Far from being succinct, incorruptible, and uncompromising.
“How sad,”
I whispered repeatedly.
Everything was sorrowful.
I lamented that there was only sadness.
“Fat pigs praying with their grotesque bodies would do better to take up a hoe and work the fields. Those incapable of even that should head to the slaughterhouse,”
One day, a mother in the faith shouted this aloud.
The orthodoxy was so rotten that even the Cologne Sect would say this.
I believe it is beyond self-repair.
Even if the mendicant orders were born.
Even if the Cologne Sect came into existence.
No matter the struggle, I had come to the sorrowful conclusion that it was impossible to restore the orthodoxy.
If restoration were possible, it would require external forces.
Not minor internal changes like those of the mendicant orders.
Not small factions like the Cologne Sect pointing out the ugliness.
But a revolutionary religious reform driven by significant external pressure!
A fierce struggle, all-consuming!
Scenes of bloodshed, mutual harm, and lives dedicated to faith.
Until something like Protestantism, a relative to orthodoxy, comes into existence.
Otherwise, the orthodoxy will never return to the right path, I’ve realized.
This desire is my true wish.
The orthodoxy needs reform!
Absolutely, desperately needs it!
But that’s not all.
I am greedy, wanting much more.
I want to know the true intentions of others.
I want to know the true wish of the Cologne Sect.
I have some guesses, but I cannot be certain until I hear the truth from the Cardinal’s own lips.
“The Bread Beyond Material,” the Cologne Sect’s goal.
They probably seek a method that transcends good and evil, fulfilling everyone’s hunger.
If evil acts stem from being cold, hungry, and unrecognized, then providing warmth, satisfaction, and acknowledgment should prevent sin.
Except perhaps for a minority of madmen.
Isn’t that the case?
Is such a method truly feasible?
If it exists—
Perhaps I am entirely wrong in my approach.
Maybe all my choices have been wrong, and perhaps it would be better that way.
If I am wrong, then I must correct it.
I should be killed by the Cologne Sect, by Lord Faust von Polydoro.
Such thoughts consume me.
“Ah,”
I sighed.
This torment will only last a little while longer.
I reached the guest room.
There was much more to think about.
But not now.
I must exhaust all my strategies and wisdom as a superhuman at this moment.
Now, I am to “sell” the Holy Empire.
Essentially, I have decided to “transfer” it.
Not to the young woman named Maxine who denies the divine right of kings.
Not to the young woman who constantly whines about her father dying of starvation.
But to someone from a greater perspective, from a larger country, with immense talent.
“May I come in?”
The knock sound.
A guard at the guest room door knocked on my behalf.
People dressed in foreign garb stood there.

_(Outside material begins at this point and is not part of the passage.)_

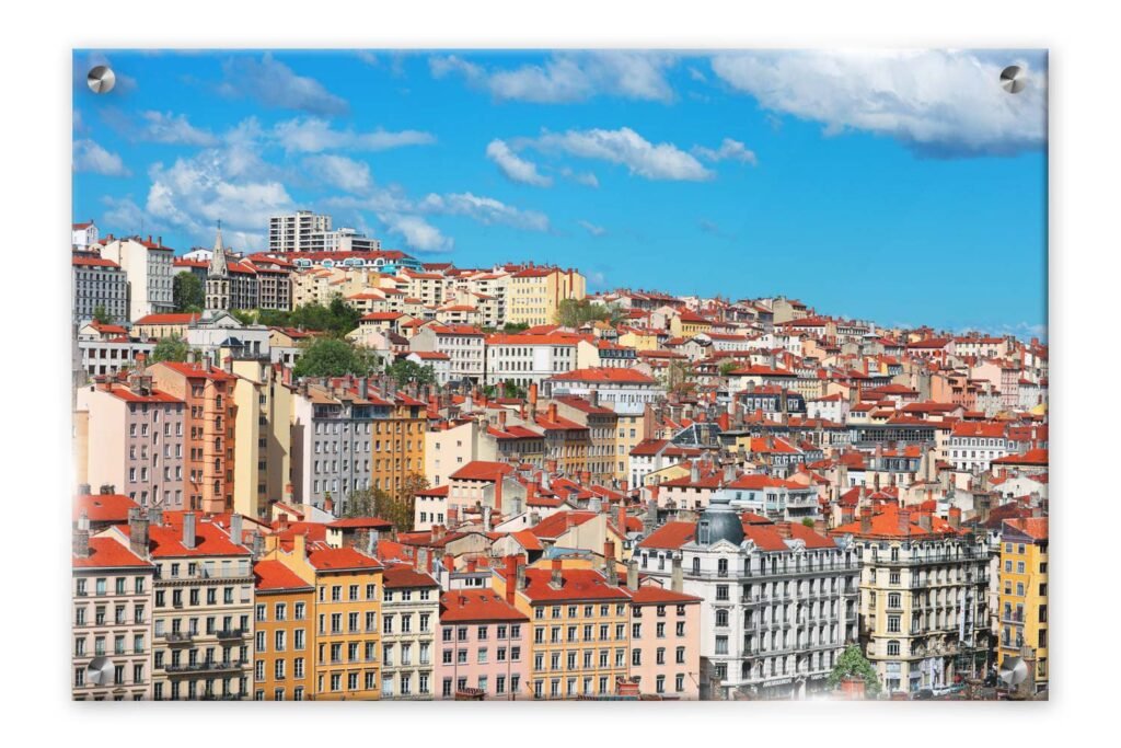 תמונת זכוכית נוף הרים מושלגים עם כפר

There were people from Parsa, from Phaelon, and from a country unheard of in this Holy Empire called Kyuregen.
Not one of them was anything less than a superhuman.
“It’s alright, Your Holiness,”
A voice came from the room.
As if to apologize, the foreigners bowed and stepped away from the door.

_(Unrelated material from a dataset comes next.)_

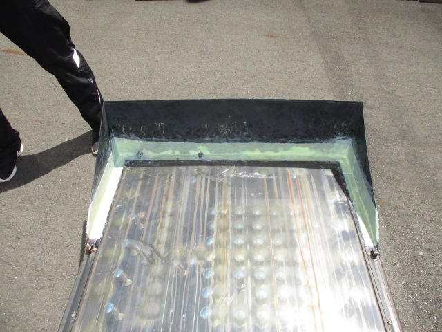 - 紫外線硬化FRPシート「ソーラーパッチ」を貼り付ける。

I slowly turned the doorknob.
Before I could speak—
“How are the circumstances?”
Her voice was the first to break the silence.
Calm, as if harboring some hidden wisdom.

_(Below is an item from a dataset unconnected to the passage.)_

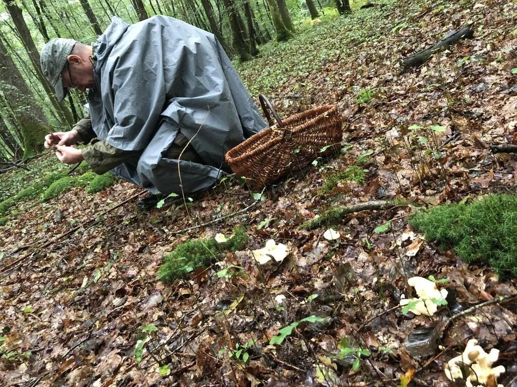, sourit le quadra sous sa cape de pluie, bâton de rando et panier à la main, chaussures de saison. Ce jour-là , il ne fait que pleuvoir. À verse.

She wasn’t just a frail woman, but one said to command ten thousand cavalry on the battlefield, her tone unexpectedly gentle.
She whispered softly.
“Is your plan to transfer the Holy Gusten Empire to me progressing well, Your Holiness?”
“Of course.”
Ah, truly, she is kind.
Yet for the sake of fulfilling her plans, she could cruelly cut everything off if her mother ordered it.
I know her, and I have no doubt about that.
But also, I know she won’t betray our agreement.
I’ve secured enough guarantee that she won’t betray me.
So, I decided.
“Everything is proceeding exactly as per our agreement, Lady Seora.”
Like confiding in a close friend, I decided to tell her about the progress of our plan.
To Seora, the daughter of Toktoa Khan, who had boldly entered the capital of the Holy Empire.
I decided to tell her everything about the current situation.